Extract activations for the specified split point. If no split point is specified, it works if and only if the model_with_split_points has only one split point. Verify that the given activations are valid for the model_with_split_points and split_point. Cases in which the activations are not valid include:

Activations are not a valid dictionary.
Specified split point does not exist in the activations.

Parameters:

Name	Type	Description	Default
`activations` ¶	`dict[str, LatentActivations]`	A dictionary with model paths as keys and the corresponding tensors as values.	required
`split_point` ¶	`str \| None`	The split point to extract activations from. If None, the `split_point` of the explainer is used.	`None`

Returns:

Type	Description
`LatentActivations`	The activations for the explainer split point.

Examples:

>>> from interpreto import ModelWithSplitPoints as MWSP
>>> model = ModelWithSplitPoints("bert-base-uncased", split_points=4,
>>>                              automodel=AutoModelForSequenceClassification)
>>> activations_dict: dict[str, LatentActivations] = model.get_activations(
...     "interpreto is magic",
... )
>>> activations: LatentActivations = model.get_split_activations(activations_dict)
>>> activations.shape
torch.Size([1, 12, 768])

Raises:

Type	Description
`ValueError`	If not split point is specified and the `model_with_split_points` has more than one split point.
`TypeError`	If the activations are not a valid dictionary.
`ValueError`	If the specified split point is not found in the activations.

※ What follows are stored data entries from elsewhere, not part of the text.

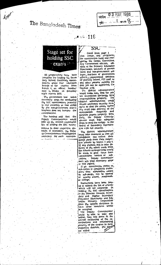 Stage set for holding ssc exams Published on Newspaper The Bangladesh Times Category Public Examination Public Examination Others Download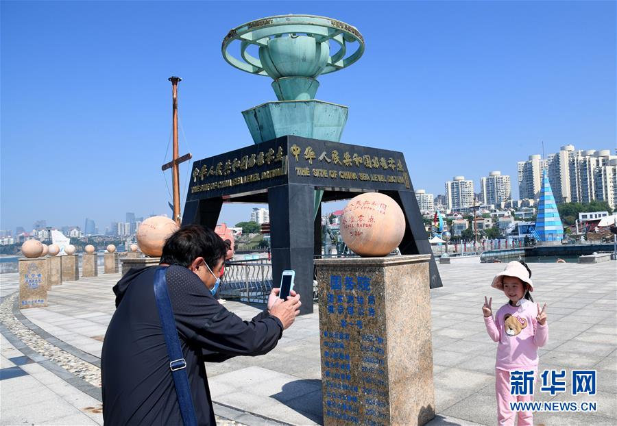 5月28日,游客在中華人民共和國(guó)水準(zhǔn)零點(diǎn)景區(qū)留影。新華社記者李紫恒攝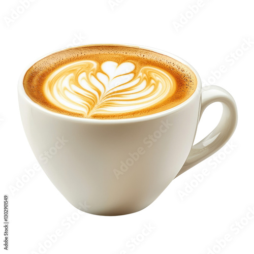 Freshly Brewed Latte Art in a Modern White Cup with Heart Shape Design on Top of Creamy Foam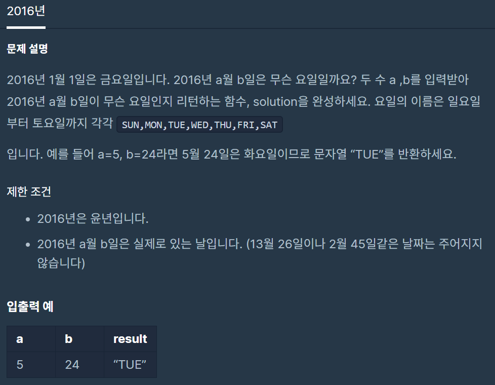 2016년 1월 1일은 금요일입니다. 2016년 a월 b일은 무슨 요일일까요? 두 수 a ,b를 입력받아 2016년 a월 b일이 무슨 요일인지 리턴하는 함수, solution을 완성하세요. 요일의 이름은 일요일부터 토요일까지 각각 SUN,MON,TUE,WED,THU,FRI,SAT 입니다. 예를 들어 a=5, b=24라면 5월 24일은 화요일이므로 문자열 TUE를 반환하세요. 제한 조건 2016년은 윤년입니다. 2016년 a월 b일은 실제로 있는 날입니다.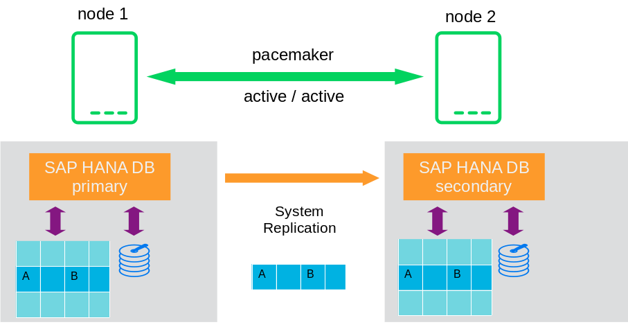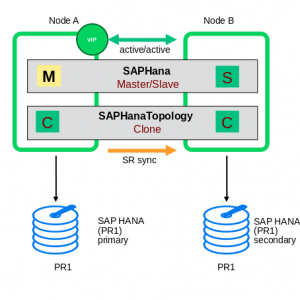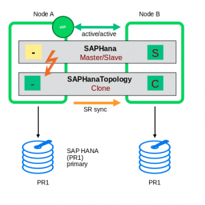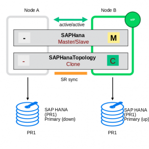 | The first picture shows a SAP HANA “PR1” in system replication setup. The left node has the primary SAP HANA instance which means that this one is the instance clients should access for read/write actions. | ![]() |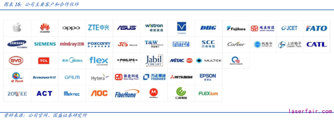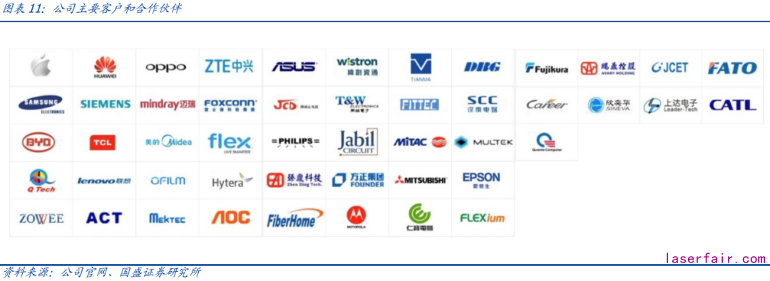 目前,光韻達(dá)已在全國電子產(chǎn)品聚集地建立了30多個(gè)激光加工站,形成了華南、華東、華北三大服務(wù)區(qū),為全國絕大部分客戶提供及時(shí)、方便的個(gè)性化服務(wù)。經(jīng)過多年市場(chǎng)拓展,公司已為華為、中興、富士康、比亞迪(54.570-1.08-1.94%)等1000多家國內(nèi)外電子企業(yè)提供產(chǎn)品和服務(wù),國際EMS50強(qiáng)企業(yè)中有三十多家與公司建立了長期穩(wěn)定的合作關(guān)系。

Source code in interpreto/model_wrapping/model_with_split_points.py

def get_split_activations(
    self, activations: dict[str, LatentActivations], split_point: str | None = None
) -> LatentActivations:
    """
    Extract activations for the specified split point.
    If no split point is specified, it works if and only if the `model_with_split_points` has only one split point.
    Verify that the given activations are valid for the `model_with_split_points` and `split_point`.
    Cases in which the activations are not valid include:

    * Activations are not a valid dictionary.
    * Specified split point does not exist in the activations.

    Args:
        activations (dict[str, LatentActivations]): A dictionary with model paths as keys and the corresponding
            tensors as values.
        split_point (str | None): The split point to extract activations from.
            If None, the `split_point` of the explainer is used.

    Returns:
        (LatentActivations): The activations for the explainer split point.

    Examples:
        >>> from interpreto import ModelWithSplitPoints as MWSP
        >>> model = ModelWithSplitPoints("bert-base-uncased", split_points=4,
        >>>                              automodel=AutoModelForSequenceClassification)
        >>> activations_dict: dict[str, LatentActivations] = model.get_activations(
        ...     "interpreto is magic",
        ... )
        >>> activations: LatentActivations = model.get_split_activations(activations_dict)
        >>> activations.shape
        torch.Size([1, 12, 768])

    Raises:
        ValueError: If not split point is specified and the `model_with_split_points` has more than one split point.
        TypeError: If the activations are not a valid dictionary.
        ValueError: If the specified split point is not found in the activations.
    """
    if split_point is not None:
        local_split_point: str = split_point
    elif not self.split_points:
        raise ValueError(
            "The activations cannot correspond to `model_with_split_points` model. "
            "The `model_with_split_points` model do not have `split_point` defined. "
        )
    elif len(self.split_points) > 1:
        raise ValueError("Cannot determine the split point with multiple `model_with_split_points` split points. ")
    else:
        local_split_point: str = self.split_points[0]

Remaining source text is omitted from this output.